There are thousands of mold species and they can grow on virtually any organic material as long as moisture and oxygen are present. Many molds pose health risks to building occupants, and long term mold growth will physically damage whatever it is growing on. Eliminating mold and mold spores indoors is virtually impossible, therefore controlling indoor moisture tends to be the most effective strategy. In order to prevent mold growth make sure housekeeping is in order, HVAC and sump pump systems are properly maintained, and building envelopes are water tight (e.g. roofs, foundations, and windows). Keep an eye out for any moisture signs where it doesn’t belong, the sooner problem areas are cleaned and dried out the better.
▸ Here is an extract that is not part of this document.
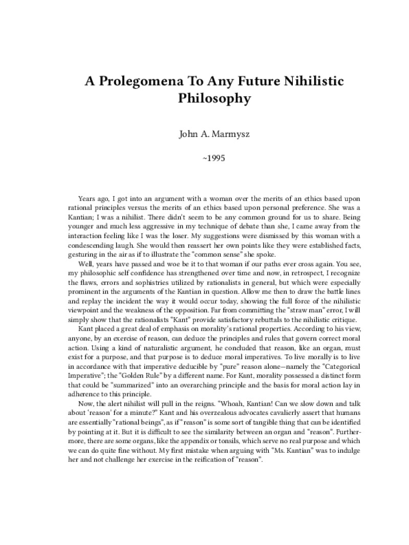 Zine A Prolegomena To Any Future Nihilistic Philosophy Author: John A. MarmyszPublished: ~1995Language: enCatalog: The Anarchist Library6 pages. Read online: html • pdf •imposed pdf • a4 pdf • epub • muse • tex Share: We mail all zines to incarcerated people for free.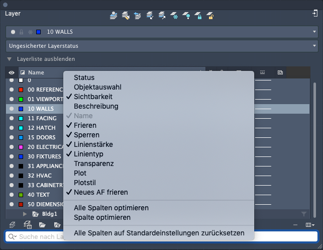 Führt die Namen aller Spalten auf. Ein Häkchen gibt an, dass die Spalte angezeigt wird. Klicken Sie zum Anzeigen oder Ausblenden der Spalte auf einen Spaltennamen. AF Frieren, AF Farbe, AF Linientyp, AF Linienstärke und AF Plotstil sind nur verfügbar, wenn ein Layout-Ansichtsfenster aktiv ist.

Sometimes an industrial hygienist is needed to help determine what is causing a mold problem in the first place, and once the underlying problem is solved using a remediation company is often the most effective way to remedy (dry, remove, repair) a situation quickly.
For our part we try to keep all equipment clean and fully charged so it can operate efficiently and effectively, and to minimize potential problems inspecting drain pans and checking for dirty evaporator coils and/or water leaks are part of our normal preventive maintenance tasking. In order to meet fresh air code requirements many systems are designed to bring in more fresh air than they could possibly dehumidify. The old saying in the industry is that “the solution to pollution is dilution” which put a lot of emphasis in bringing in large amounts of outdoor air. This works to a degree but in an air conditioned building it can unintentionally cause problems by actually increasing relative humidity. Thankfully there are ways to meet code requirements and effectively manage RH by using a combination of demand ventilation, dehumidification, and energy recovery units. These solutions are most cost effective when part of a building’s original design, however these strategies can also be applied to existing buildings when problems arise.
We may not be able to control what or how many mold spores are in the air at any given time, and we certainly can’t control the weather… but through good housekeeping , good design, and regular maintenance we can minimize the chances of mold problems in our buildings and protect our people from the potential health risks that accompany them.